Would you transcribe the whole listing exactly and drop its images?
** AVAILABLE DATA follows **
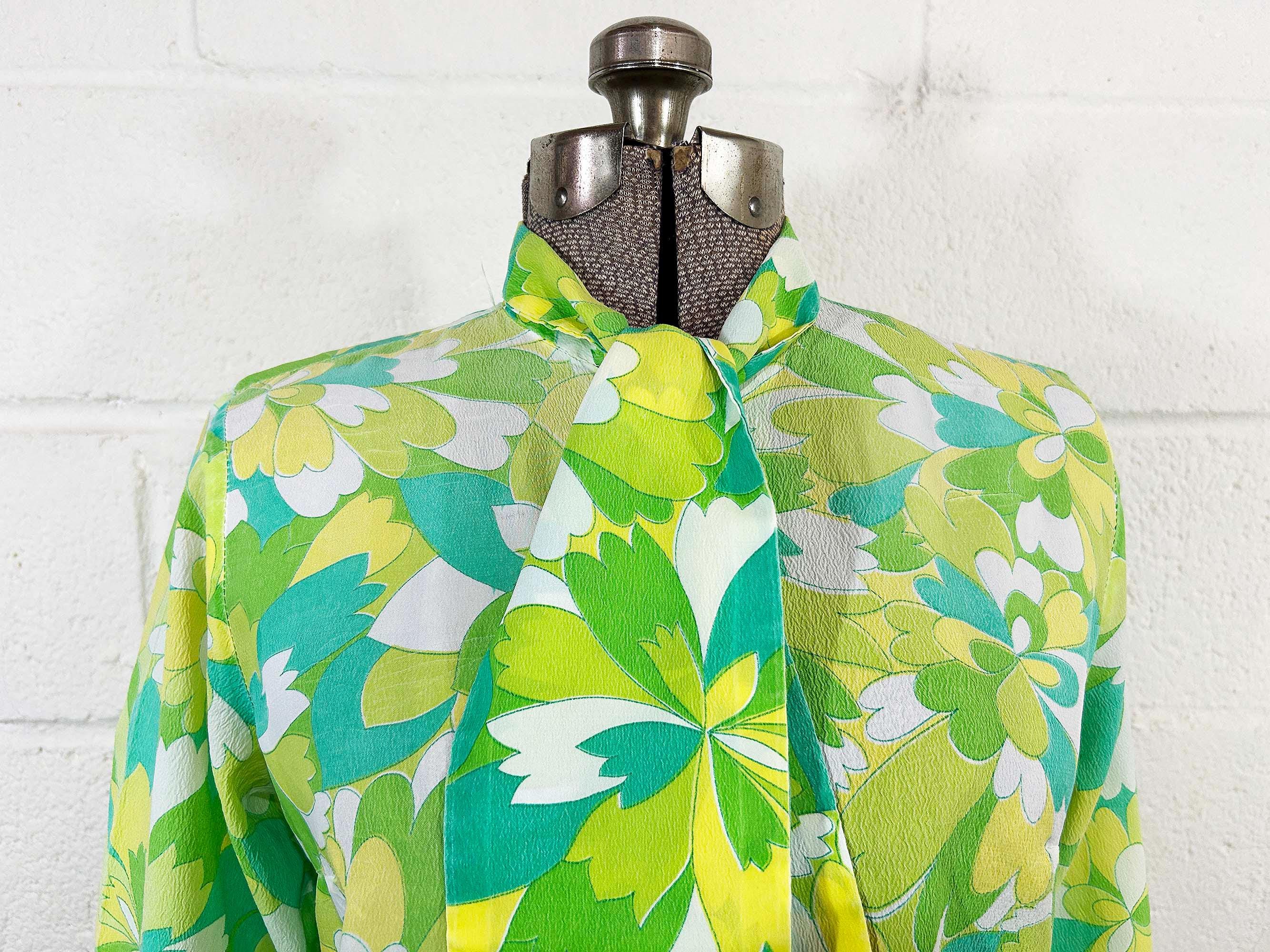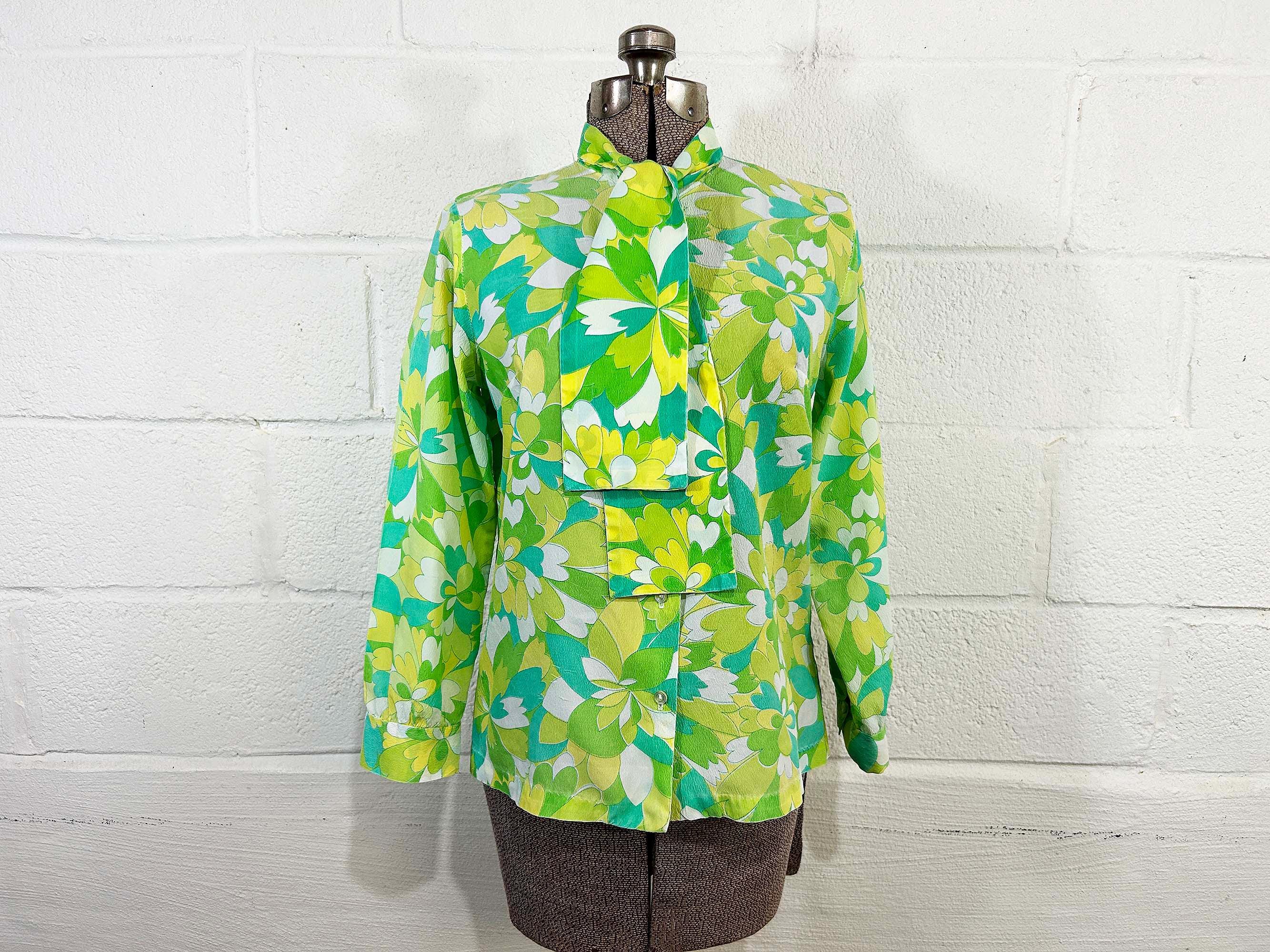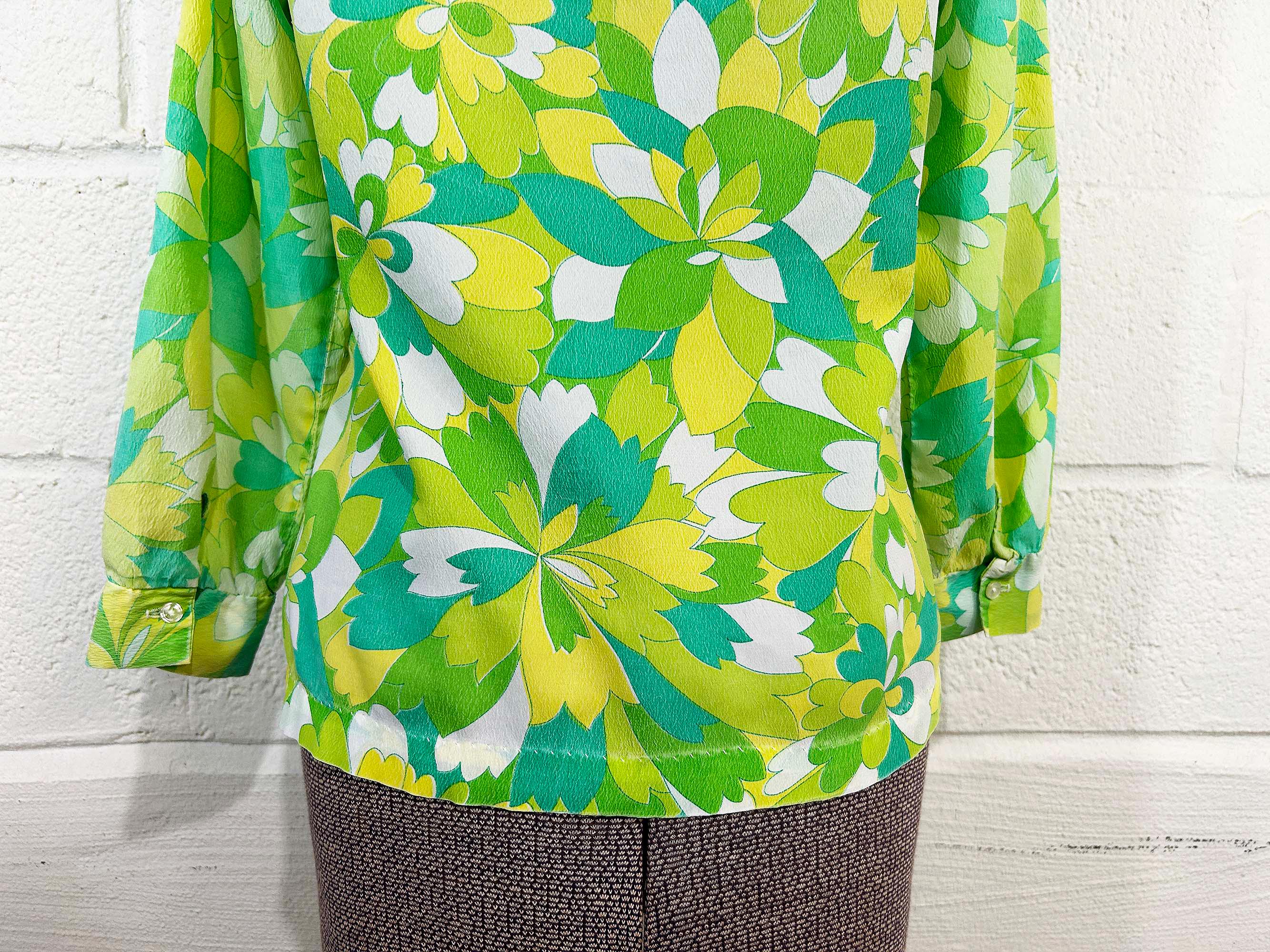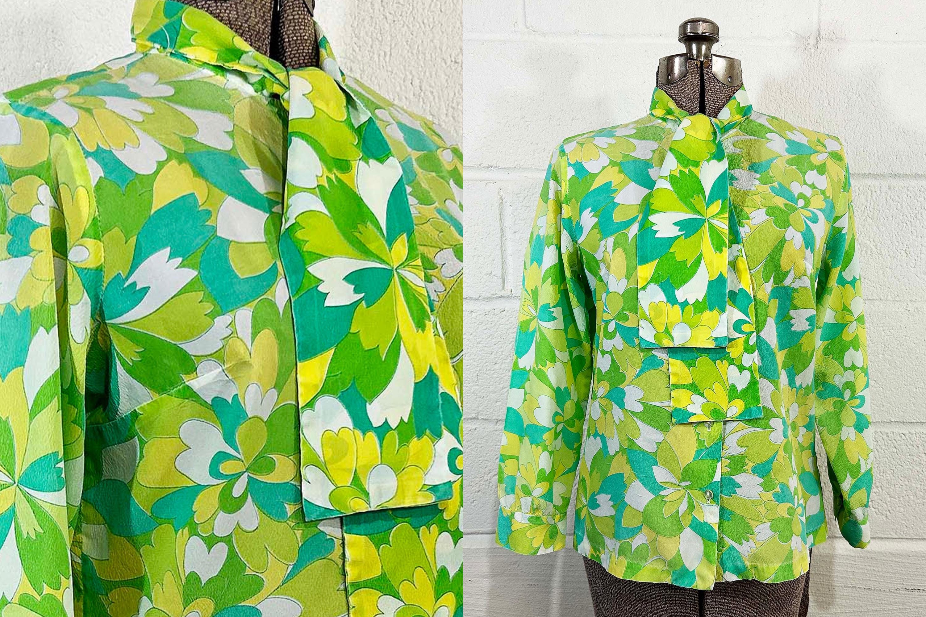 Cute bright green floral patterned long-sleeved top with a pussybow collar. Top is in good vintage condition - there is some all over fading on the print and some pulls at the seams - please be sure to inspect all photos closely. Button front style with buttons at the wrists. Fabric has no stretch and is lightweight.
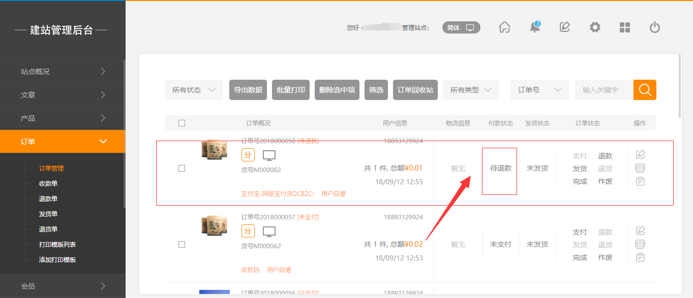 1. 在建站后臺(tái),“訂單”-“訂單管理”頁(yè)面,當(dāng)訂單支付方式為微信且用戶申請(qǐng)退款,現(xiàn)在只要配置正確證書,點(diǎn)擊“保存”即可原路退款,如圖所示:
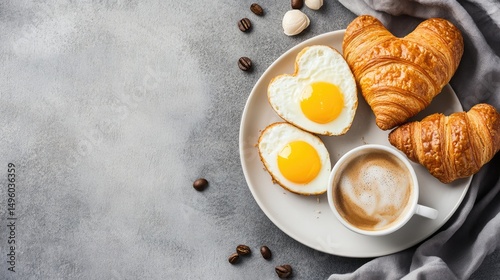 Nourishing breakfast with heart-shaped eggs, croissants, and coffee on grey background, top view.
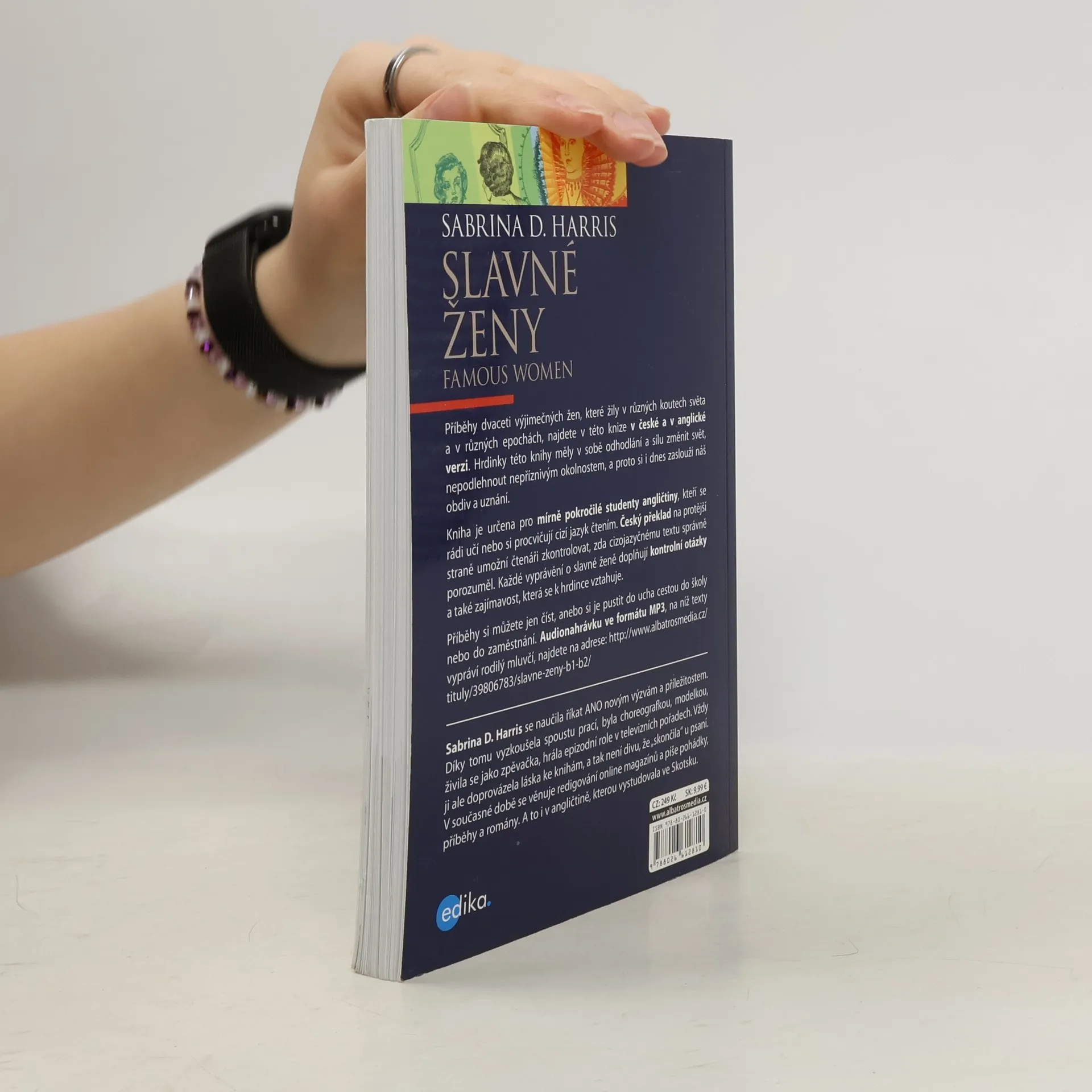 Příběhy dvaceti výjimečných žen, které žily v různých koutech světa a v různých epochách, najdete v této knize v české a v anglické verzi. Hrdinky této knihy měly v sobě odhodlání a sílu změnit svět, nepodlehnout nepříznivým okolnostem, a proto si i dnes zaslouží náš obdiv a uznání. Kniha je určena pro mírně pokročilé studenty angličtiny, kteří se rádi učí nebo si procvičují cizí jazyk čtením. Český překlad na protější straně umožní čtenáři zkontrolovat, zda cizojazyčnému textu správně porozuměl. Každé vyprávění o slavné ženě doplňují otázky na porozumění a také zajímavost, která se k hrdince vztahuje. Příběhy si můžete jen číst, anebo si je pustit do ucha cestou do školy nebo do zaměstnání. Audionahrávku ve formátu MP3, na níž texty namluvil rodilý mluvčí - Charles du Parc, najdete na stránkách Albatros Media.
** End of AVAILABLE DATA **
WRITTEN ANSWER:
 Cute bright green floral patterned long-sleeved top with a pussybow collar. Top is in good vintage condition - there is some all over fading on the print and some pulls at the seams - please be sure to inspect all photos closely. Button front style with buttons at the wrists. Fabric has no stretch and is lightweight.
 1. 在建站后臺(tái),“訂單”-“訂單管理”頁(yè)面,當(dāng)訂單支付方式為微信且用戶申請(qǐng)退款,現(xiàn)在只要配置正確證書,點(diǎn)擊“保存”即可原路退款,如圖所示:
 Nourishing breakfast with heart-shaped eggs, croissants, and coffee on grey background, top view.
 Příběhy dvaceti výjimečných žen, které žily v různých koutech světa a v různých epochách, najdete v této knize v české a v anglické verzi. Hrdinky této knihy měly v sobě odhodlání a sílu změnit svět, nepodlehnout nepříznivým okolnostem, a proto si i dnes zaslouží náš obdiv a uznání. Kniha je určena pro mírně pokročilé studenty angličtiny, kteří se rádi učí nebo si procvičují cizí jazyk čtením. Český překlad na protější straně umožní čtenáři zkontrolovat, zda cizojazyčnému textu správně porozuměl. Každé vyprávění o slavné ženě doplňují otázky na porozumění a také zajímavost, která se k hrdince vztahuje. Příběhy si můžete jen číst, anebo si je pustit do ucha cestou do školy nebo do zaměstnání. Audionahrávku ve formátu MP3, na níž texty namluvil rodilý mluvčí - Charles du Parc, najdete na stránkách Albatros Media.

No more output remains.